Hello,
My team is using the Aspose.PDF library for . NET to extract text from PDF files. We ran into the following exception while using the TextAbsorber to extract text page by page:
Aspose.Pdf.PdfException: Operand value is not a name
at #=zyt4T9KO7peVjkhq3xluWgWvLUxlueatyfBhU0$bz4ekX.#=zpVFbElM=()
at #=zhwl8667iwsEz6rze47bjzpYYwNEMl$3tLQG6InPVjqRbrrW5fXY$J94=.#=z6QD6iaDT30UG(Int32 #=zu_nAOcU=, Operator #=zXwUxPQE=)
at #=zhwl8667iwsEz6rze47bjzpYYwNEMl$3tLQG6InPVjqRbrrW5fXY$J94=.#=zbQhQKFg=(Page #=ztL8V05k=)
at #=z9W8OEM$p8$g7694whr8T0tKyLlpInzoY3I4MjFJfDkJbn$j9eoDDDq8FlOns.#=zwQHe3GexITOq(BaseOperatorCollection #=zWR6Slpk=, Resources #=za3NwiOk=, Page #=ztL8V05k=, Rectangle #=zsJwR5inyT$sP)

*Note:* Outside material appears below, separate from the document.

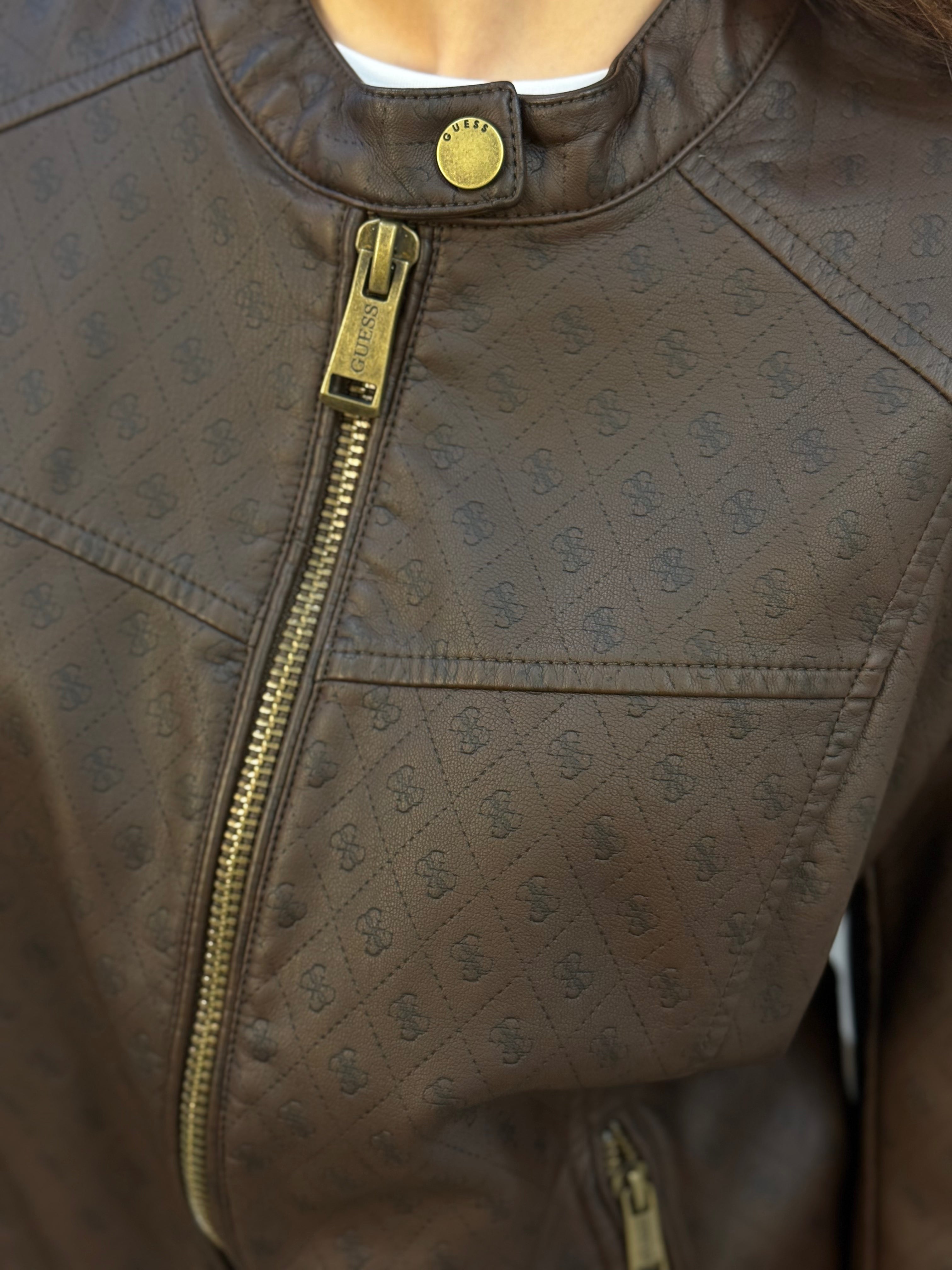 Giacchetto GUESS in similpelle logato 4G, chiusura a zip e spallina imbottita.

at #=z9W8OEM$p8$g7694whr8T0tKyLlpInzoY3I4MjFJfDkJbn$j9eoDDDq8FlOns.#=zwQHe3GexITOq(BaseOperatorCollection #=zWR6Slpk=, Resources #=za3NwiOk=, Rectangle #=zsJwR5inyT$sP)
at #=z9W8OEM$p8$g7694whr8T0tKyLlpInzoY3I4MjFJfDkJbn$j9eoDDDq8FlOns.#=zGK7Mmdc=(Boolean #=zf9_O69sVgPb0)

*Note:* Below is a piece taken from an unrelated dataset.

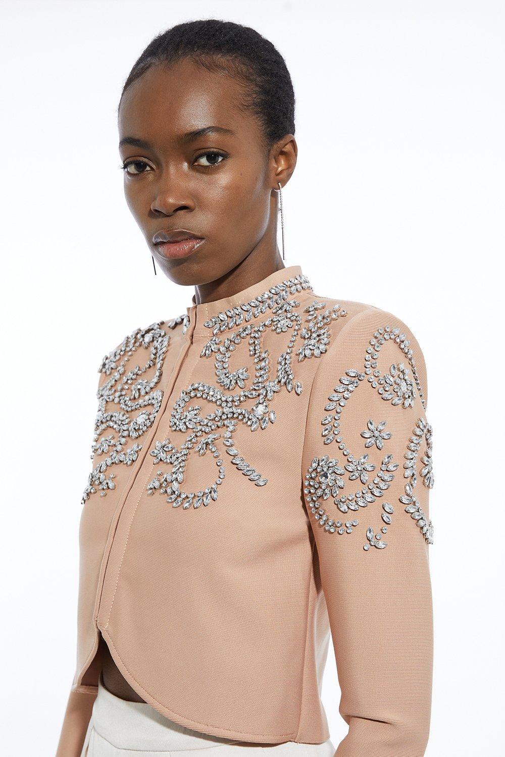 Figure Form Bandage Embellished Knit Jacket

at #=z9W8OEM$p8$g7694whr8T0tKyLlpInzoY3I4MjFJfDkJbn$j9eoDDDq8FlOns..ctor(Page #=ztL8V05k=, TextSearchOptions #=zqQYmXUFMg2zg, Boolean #=zGVp0$i07r2iN)

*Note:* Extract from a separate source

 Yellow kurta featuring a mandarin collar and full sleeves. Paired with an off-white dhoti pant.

at #=z9W8OEM$p8$g7694whr8T0tKyLlpInzoY3I4MjFJfDkJbn$j9eoDDDq8FlOns..ctor(Page #=ztL8V05k=, TextSearchOptions #=zqQYmXUFMg2zg)
at Aspose.Pdf.Text.TextAbsorber.Visit(Page page)
at Aspose.Pdf.Page.Accept(TextAbsorber visitor)
This is a snippet of our code for extracting text from PDFs:
public (string textContent, int pageCount) PdfToText(byte[] sourceBytes)
{
using (var inputStream = new MemoryStream(sourceBytes))
{
using (var document = new Aspose.Pdf.Document(inputStream))
{
int pageLimit = int.Min(ExtractionConfig.PdfNumberOfPages, document.Pages.Count);
TextAbsorber textAbsorber = new TextAbsorber();
if (!ExtractionConfig.ReadByPageNumber || ExtractionConfig.ReadPages == null || ExtractionConfig.ReadPages.Length == 0)
{
// Read pages up to the page limit starting from the beginning of the document
for (int i = 1; i <= pageLimit; i++)
{
document.Pages[i].Accept(textAbsorber);
}
}
else
{
// Read by page number if the user has selected specific pages to read
var length = document.Pages.Count;
var lengthInvert = length * -1; //waste some memory for speed of not excuting per page
var pages = ExtractionConfig.ReadPages!.Where(i => i < length && i > lengthInvert).ToArray();
for (int i = 1; i <= pages.Length; i++)
{
//index through the indexs and if any are negative invert them from the end
var trueIndex = (pages[i] >= 0 ? pages[i] : length + pages[i]) + 1;
document.Pages[trueIndex].Accept(textAbsorber);
}
}
return (textAbsorber.Text, document.Pages.Count);
}
}
}
Unfortunately, due to an NDA agreement, I cannot share the file that caused the exception. However, the file does open in a normal PDF viewer (Microsoft Edge) suggesting that the file is not corrupted.
The code extracts text from most PDFs, but we get the PDF exception on 3 files out of 1000 files.
Could I get some guidance on why I’m getting this PDF exception and how I can fix it please.
Thank you